Aim of the exercise: Your task is to reproduce exactly the lines from the one containing "생통깨를 올려 줍니다." through the last line below, both ends included, and nothing else, with no pictures.

........

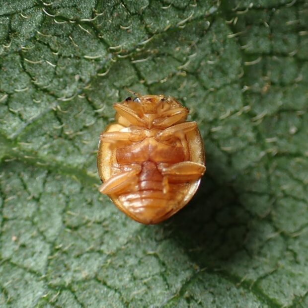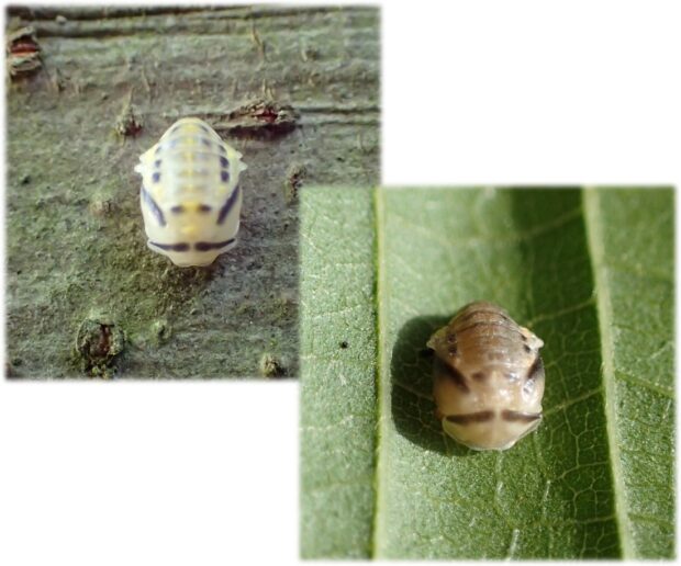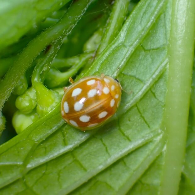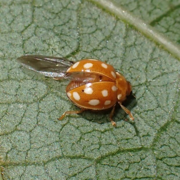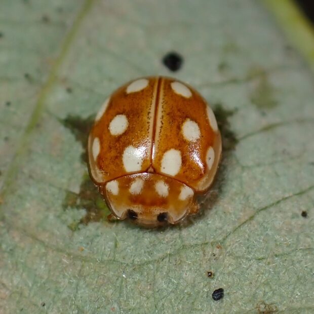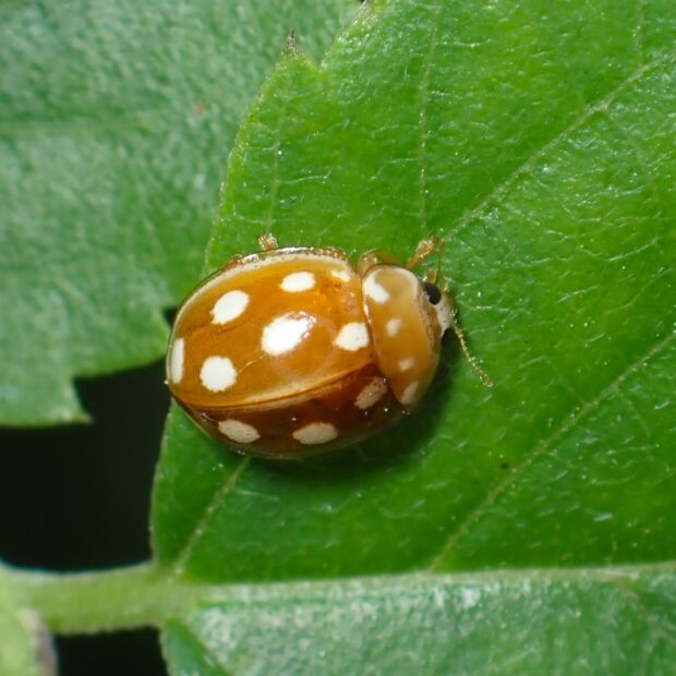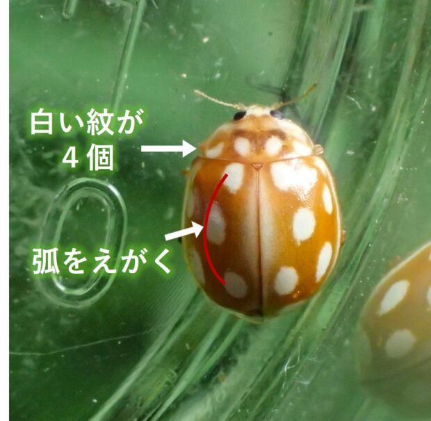 黄褐色~赤褐色の体に白い紋があるテントウムシ。 前胸の白い紋は4個あります。 都市公園・緑地~山で普通に見られ、 エノキやケヤキで見つかることが多いようです。
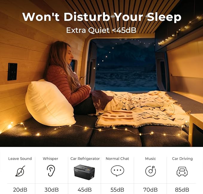 - Low Noise: The truck freezer is designed with 45dB of low noise to make sure you have a good sleep after long driving. This camping fridge also has a shock-proof design to face the uneven road, operating with no problem in case of a 30° inclination when you are off-road
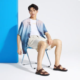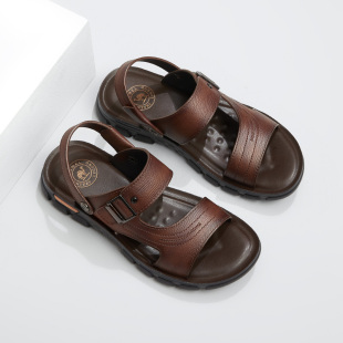凉鞋 骆驼男鞋 两穿防滑软底真皮休闲商务父亲男士 爸爸牛皮拖鞋 夏季
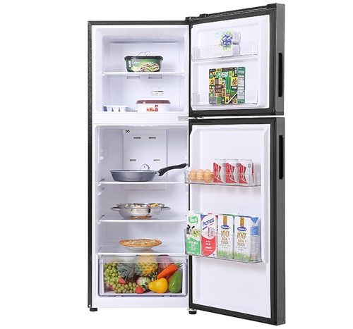 Tủ lạnh thuộc loại ngăn đá trên 2 cửa, sở hữu dáng thiết kế vuông vức hiện đại với gam màu xám đen sang trọng, điểm nhấn làm nổi không gian nội thất trong gian bếp của gia đình.
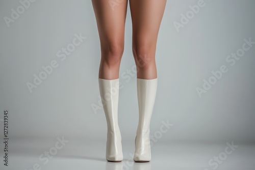 white, boot, fashion, model, studio, minimalist, footwear, style, chic, elegance, female, confident, posing, apparel, contemporary, trend, outfit, runway, high, lifestyle, artistry
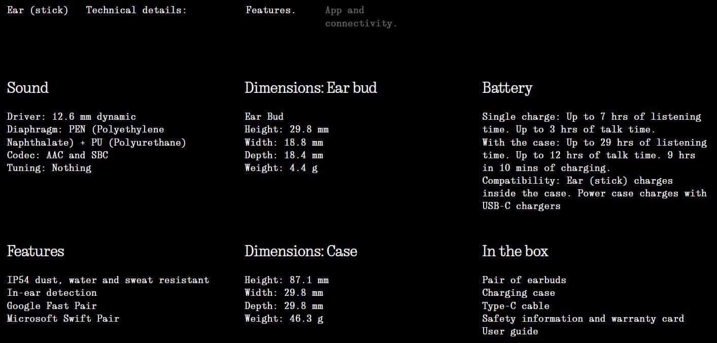 Portanto, segundo a Nothing, os Ear (Stick) oferecem a melhor e mais avançada experiência de áudio da marca. Estamos a falar de earbuds com uma driver personalizada de 12.6mm, um design half-in ear (mais confortável para quem odeia enfiar os buds nos ouvidos), e claro, 29 horas de autonomia.
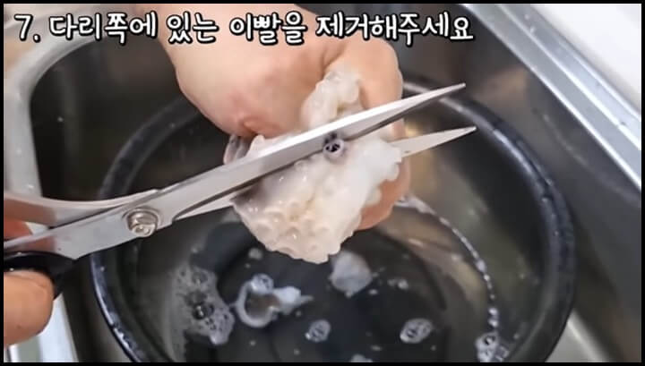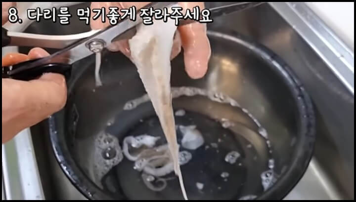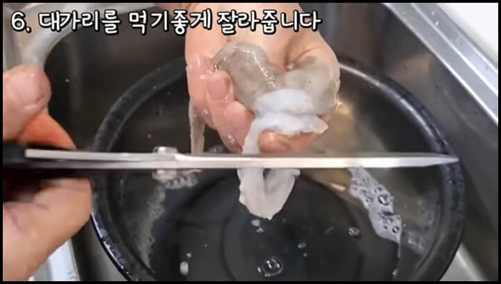 깨끗이 씻은 쭈꾸미를 손질하는데
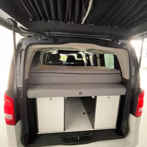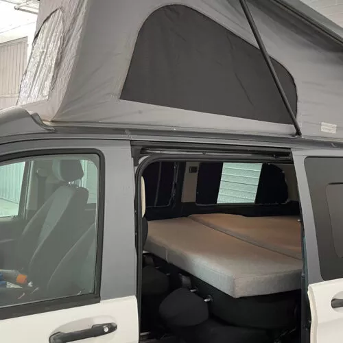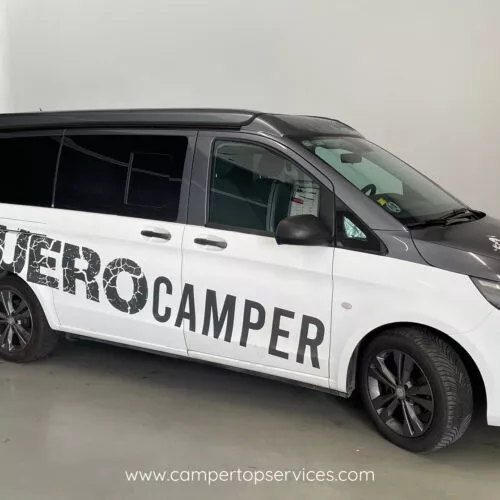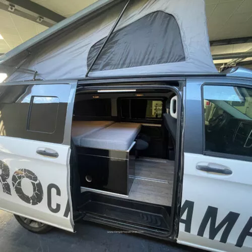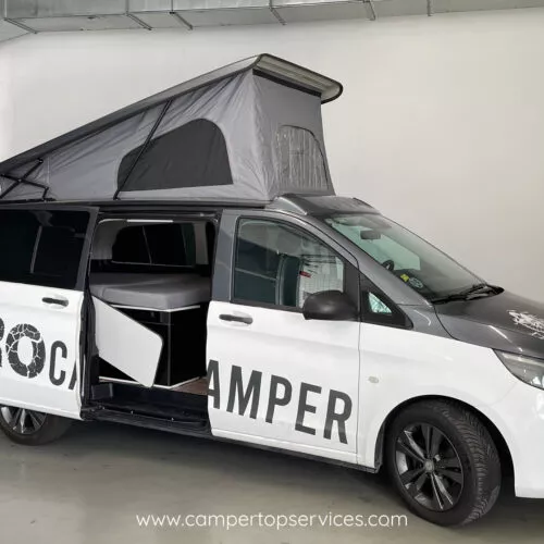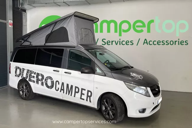 Techo elevable con cama superior: espacio y altura al instante.
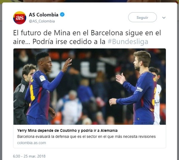 Si Coutinho no consigue los papeles para ser europeo, Mina tendría los días contados en el Barcelona y podría irse a la Bundesliga, tal como informa el diario de Madrid.
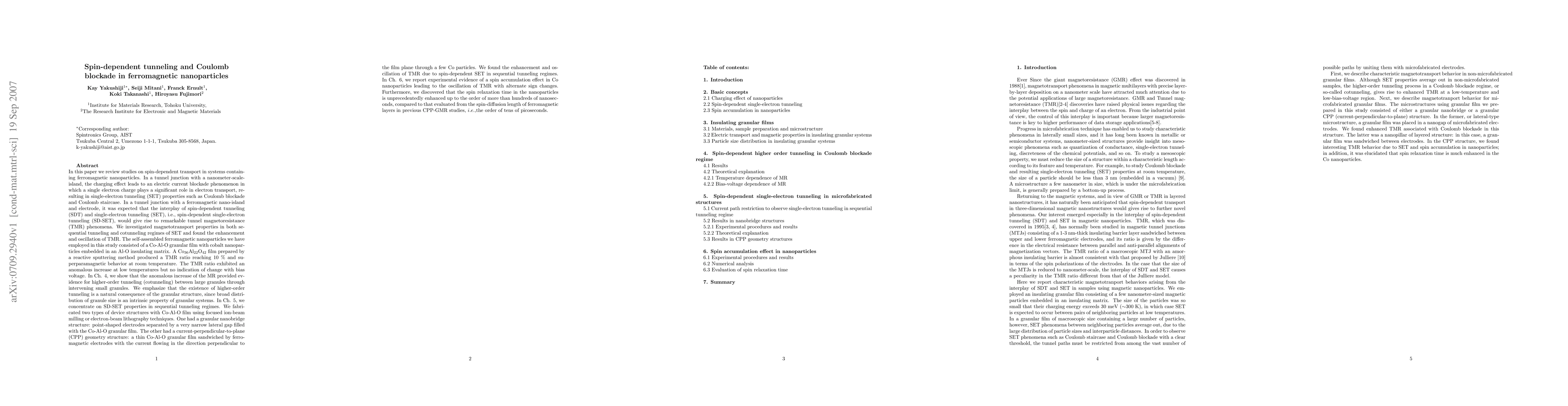 This paper reviews spin-dependent tunneling in ferromagnetic nanoparticles, focusing on preparation methods and mechanisms of spin-dependent transport. It highlights enhanced tunnel magnetoresistance due to co-tunneling in the Coulomb blockade regime and TMR sign changes from spin accumulation.
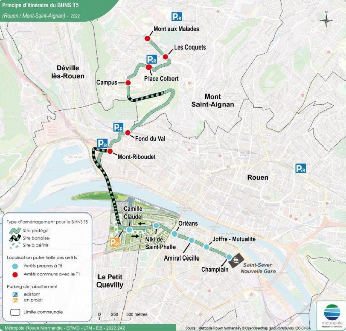 Selon Nicolas Mayer-Rossignol, Président de la Métropole Rouen Normandie, Cyrille Moreau, Vice-Président en charge des transports, des mobilités d’avenir et des modes actifs de déplacement, Jean-Michel Bérégovoy, Adjoint au maire en charge de la transition écologique, Frédéric Marchand, Adjoint au Maire en charge de la Rive gauche et de l’ile Lacroix, Valentin Rasse-Lambrecq, Conseiller municipal délégué en charge des quartiers Ouest : « La T5 va permettre de relier Mont-Saint-Aignan, depuis Mont aux Malades en passant par le campus, l’arrêt Kindarena (desserte du quartier Luciline) jusqu’à Saint-Sever-Nouvelle-Gare, en desservant la rive gauche, notamment le quartier Flaubert et la station Joffre-Mutualité. Les multiples concertations qui se poursuivent encore ont permis d’adopter un tracé cohérent et utile pour les usagers. Lignes Teor, bus, Métro, Lovélo, covoiturage : soyons fiers de nos mobilités alternatives et plus respectueuses de l’environnement ! »
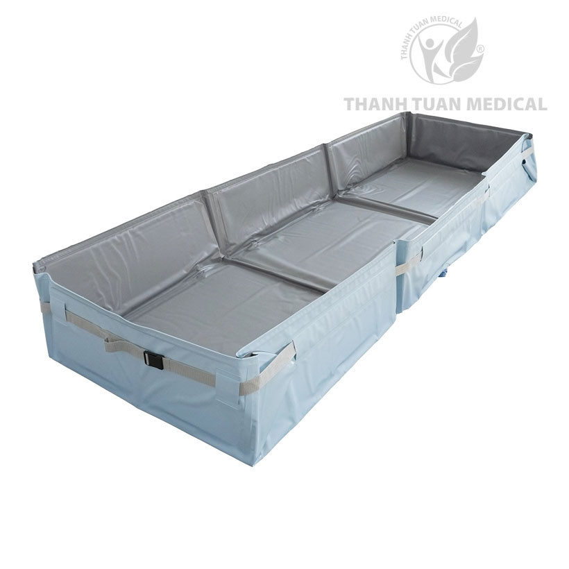 - Chỉ cần đặt lên giường và cố định bốn góc phao. Nhờ đó, việc tắm toàn thân trở nên dễ dàng và an toàn cho những người có khả năng vận động hạn chế.
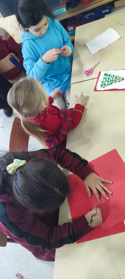 Nous avons d’abord tracé le contour et l’intérieur de notre sapin, il fallait respecter des mesures et être très précis pour que ce soit symétrique. Ensuite nous avons peint notre sapin à l’aide de notre index. Puis nous avons peaufiné le tout pour en faire une jolie carte…
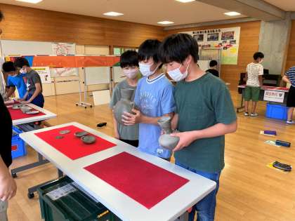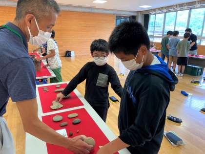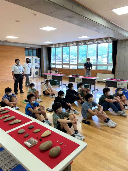 また、それぞれの時代の遺物を実際に手に取りながら、時代による違いや特徴、使い方などについて学びました。子供たちは、本物をさわってみることでその時代に思いをはせていました。
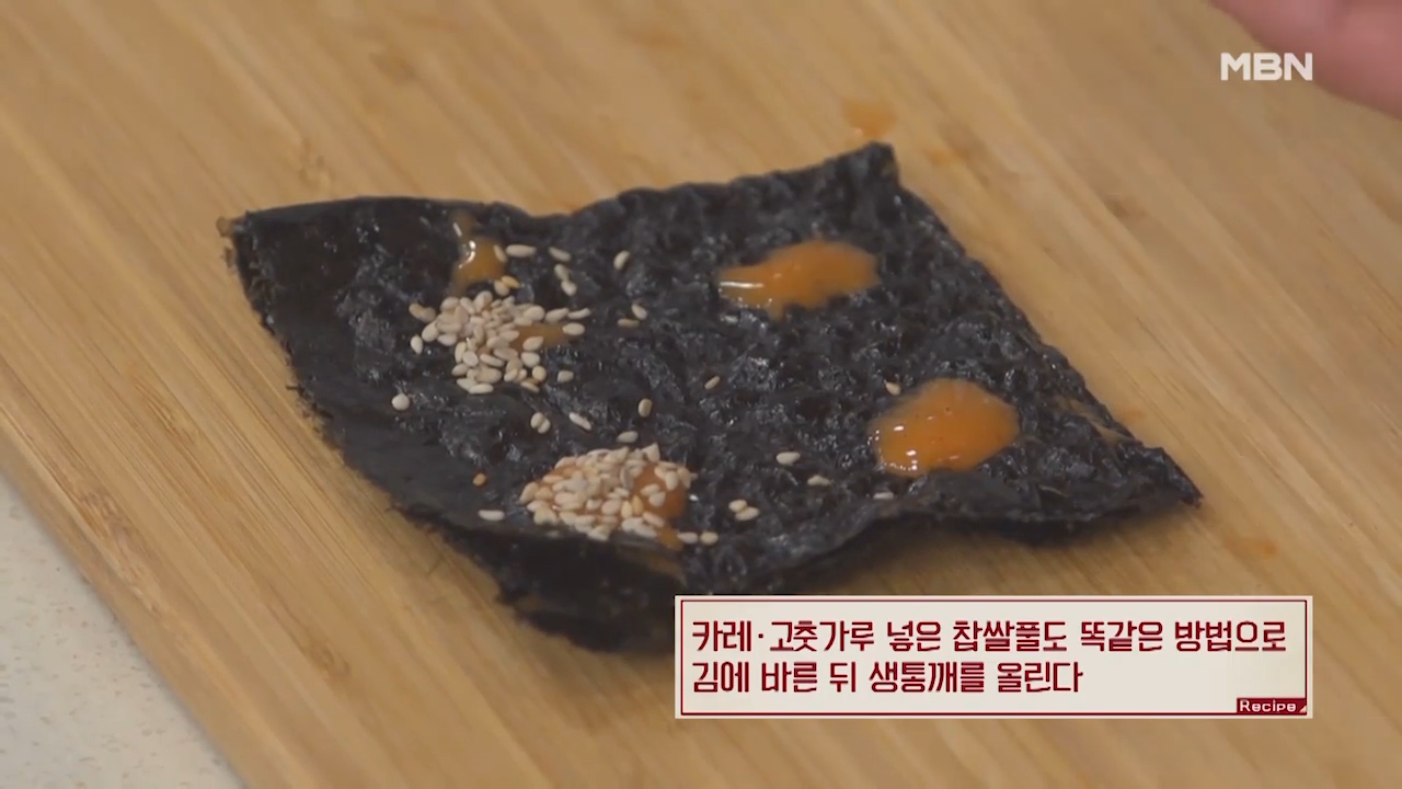 ▶카레, 고춧가루 넣은 찹쌀풀도 마찬가지 방법으로 김에 바른 뒤 생통깨를 올려 줍니다.
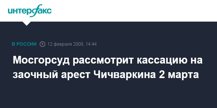 Москва. 12 февраля. INTERFAX.RU - Мосгорсуд 2 марта рассмотрит жалобу защиты бывшего главы "Евросети" Евгения Чичваркина на его заочный арест. "Рассмотрение нашей кассационной жалобы в Мосгорсуде назначено на 2 марта", - сообщил в четверг "Интерфаксу" адвокат Чичваркина Владимир Жеребенков.
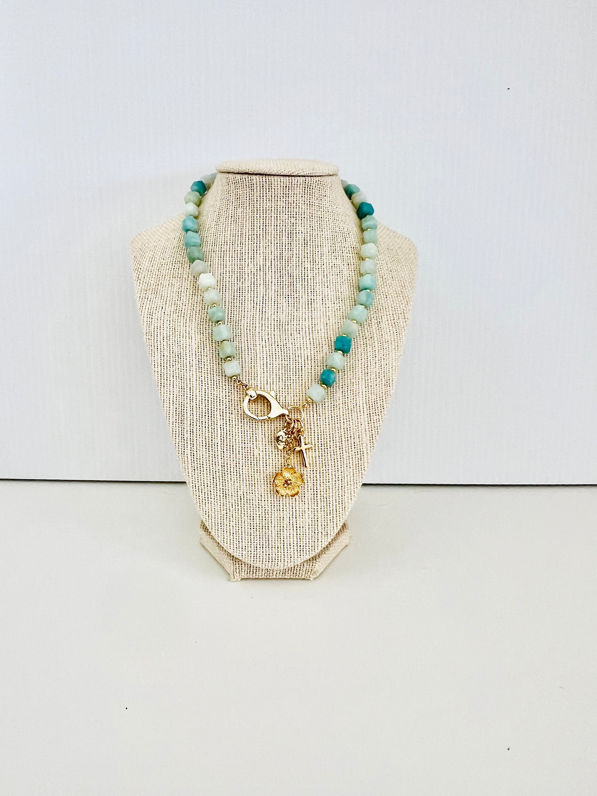 Fresh and soothing in tone, this amazonite beaded necklace features beautifully polished beads in soft aqua-green hues, creating a calm and elegant aesthetic. The natural variation in the stones adds depth and organic charm to the design.
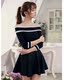 2017夏季新品女百搭气质显瘦修身韩版荷叶边露肩一字领针织连衣裙

........

Completed exercise:
 ▶카레, 고춧가루 넣은 찹쌀풀도 마찬가지 방법으로 김에 바른 뒤 생통깨를 올려 줍니다.
 Москва. 12 февраля. INTERFAX.RU - Мосгорсуд 2 марта рассмотрит жалобу защиты бывшего главы "Евросети" Евгения Чичваркина на его заочный арест. "Рассмотрение нашей кассационной жалобы в Мосгорсуде назначено на 2 марта", - сообщил в четверг "Интерфаксу" адвокат Чичваркина Владимир Жеребенков.
 Fresh and soothing in tone, this amazonite beaded necklace features beautifully polished beads in soft aqua-green hues, creating a calm and elegant aesthetic. The natural variation in the stones adds depth and organic charm to the design.
 2017夏季新品女百搭气质显瘦修身韩版荷叶边露肩一字领针织连衣裙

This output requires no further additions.